Components of Aseptic Process Validation

The aseptic process validation should include the following components:

  • Media Fill Studies: Perform media fill studies to simulate the aseptic filling process under controlled conditions to demonstrate that the filling operation can be conducted without contamination.
  • Environmental Monitoring: Implement an environmental monitoring program that routinely evaluates airborne and surface contamination levels in the manufacturing environment.
  • Personnel Gowning and Training: Ensure that all personnel involved in the aseptic process have undergone rigorous training and are compliant with gowning procedures to mitigate contamination risks.

Step 4: Tailoring PPQ and CPV for ATMPs

Process Performance Qualification (PPQ) and Continued Process Verification (CPV) are integral to maintaining process integrity and product quality over the lifecycle of ATMPs. Hence, they need tailored approaches suitable for the specific challenges presented by these complex products.
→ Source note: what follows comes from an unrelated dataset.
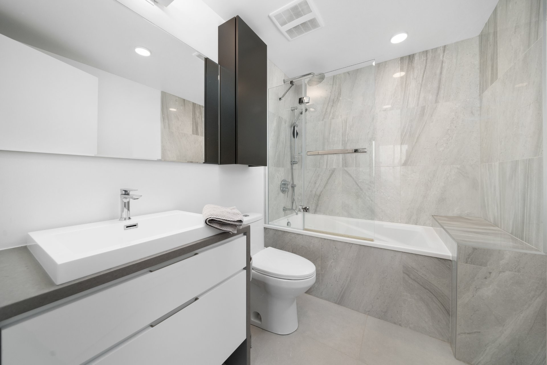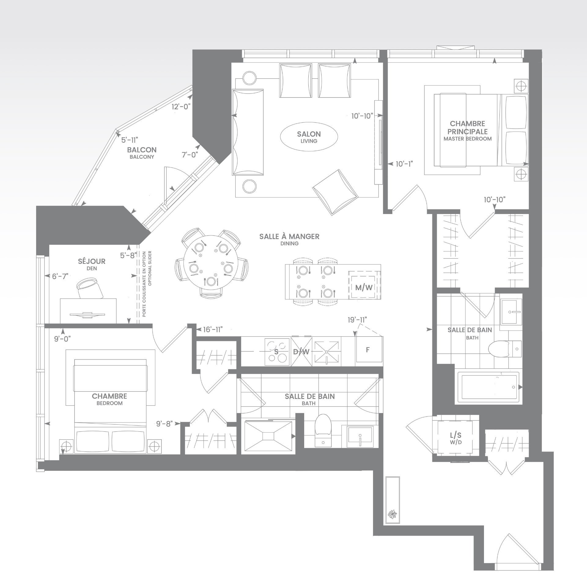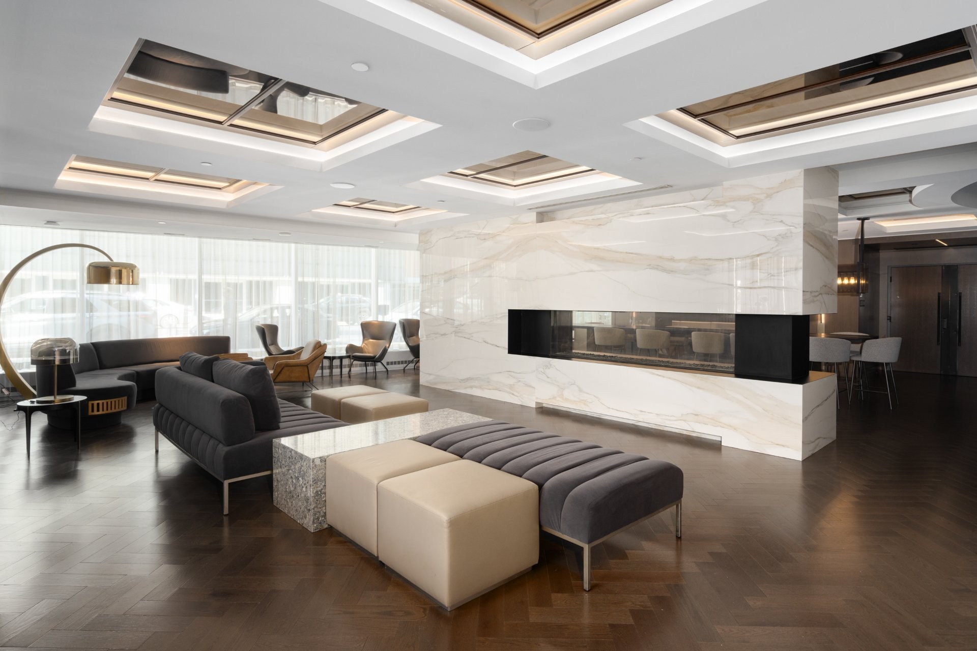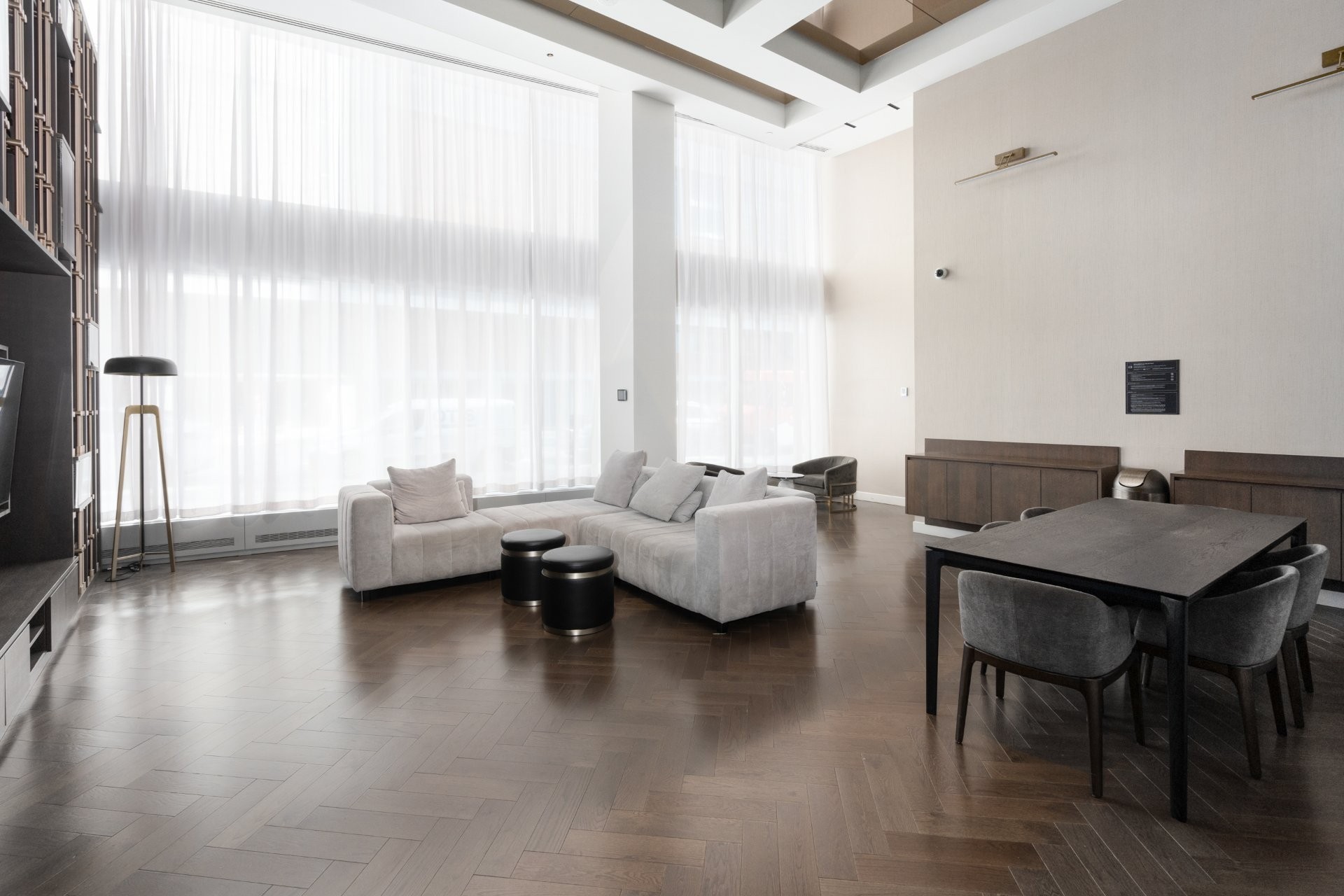 Les résidents bénéficient d'installations exceptionnelles : piscine intérieure, salle d'exercice, sauna, spa, terrasse avec BBQ, ainsi qu'un Skylounge au 54e étage offrant une vue imprenable sur le centre-ville. Sécurité 24h/24, accès à la ville souterraine et connexion directe au réseau RESO. Vous êtes à quelques minutes des stations de métro Lucien-L'Allier, Bonaventure, ainsi que de la Gare Windsor.

Developing a Tailored Approach

When customizing PPQ and CPV, consider the following:

  • Flexibility in Process Parameters: Establish a robust framework that allows for variability in process parameters without compromising product quality.
  • Ongoing Monitoring: Utilize SCADA systems for real-time data acquisition and monitoring to facilitate continuous improvement and quick response to any anomalies detected during production.
  • Risk Assessment: Conduct regular risk assessments to identify potential points of failure that may affect product quality.

Incorporating these elements into your PPQ and CPV strategy ensures a solid foundation for the ongoing compliance and quality assurance of ATMP manufacturing.

Step 5: Documentation and Regulatory Submission

Finally, comprehensive documentation processes will substantiate your validation efforts when submitting to regulatory authorities. Accurate and thorough documentation allows for transparency and traceability of all actions taken during the validation process.

  • Validation Reports: Prepare detailed validation reports that summarize your studies, methodologies, results, and conclusions.
  • Change Control Documentation: Establish a change control process for any modifications made to processes, equipment, or materials.
  • Regulatory Submission Packages: Ensure your documentation is compliant with the submission requirements of regulatory bodies such as the FDA, EMA, and MHRA.

Conclusion

Automation and SCADA controls in closed systems play a crucial role in the validation of biologics and advanced therapy medicinal products. By following this step-by-step guide, pharmaceutical professionals can ensure that their processes meet stringent regulatory standards while minimizing the risks associated with contamination and variability. From identifying critical quality attributes to thorough validation strategies for viral clearance and aseptic processing, each step is imperative in maintaining the high standards set forth by regulatory authorities.

As the industry evolves, it is essential to continuously refine validation processes, incorporate advanced technologies, and ensure compliance with the evolving regulatory landscape. With careful planning and dedicated execution of these protocols, the path to quality assurance in the manufacturing of closed systems and single-use technologies will become increasingly clear.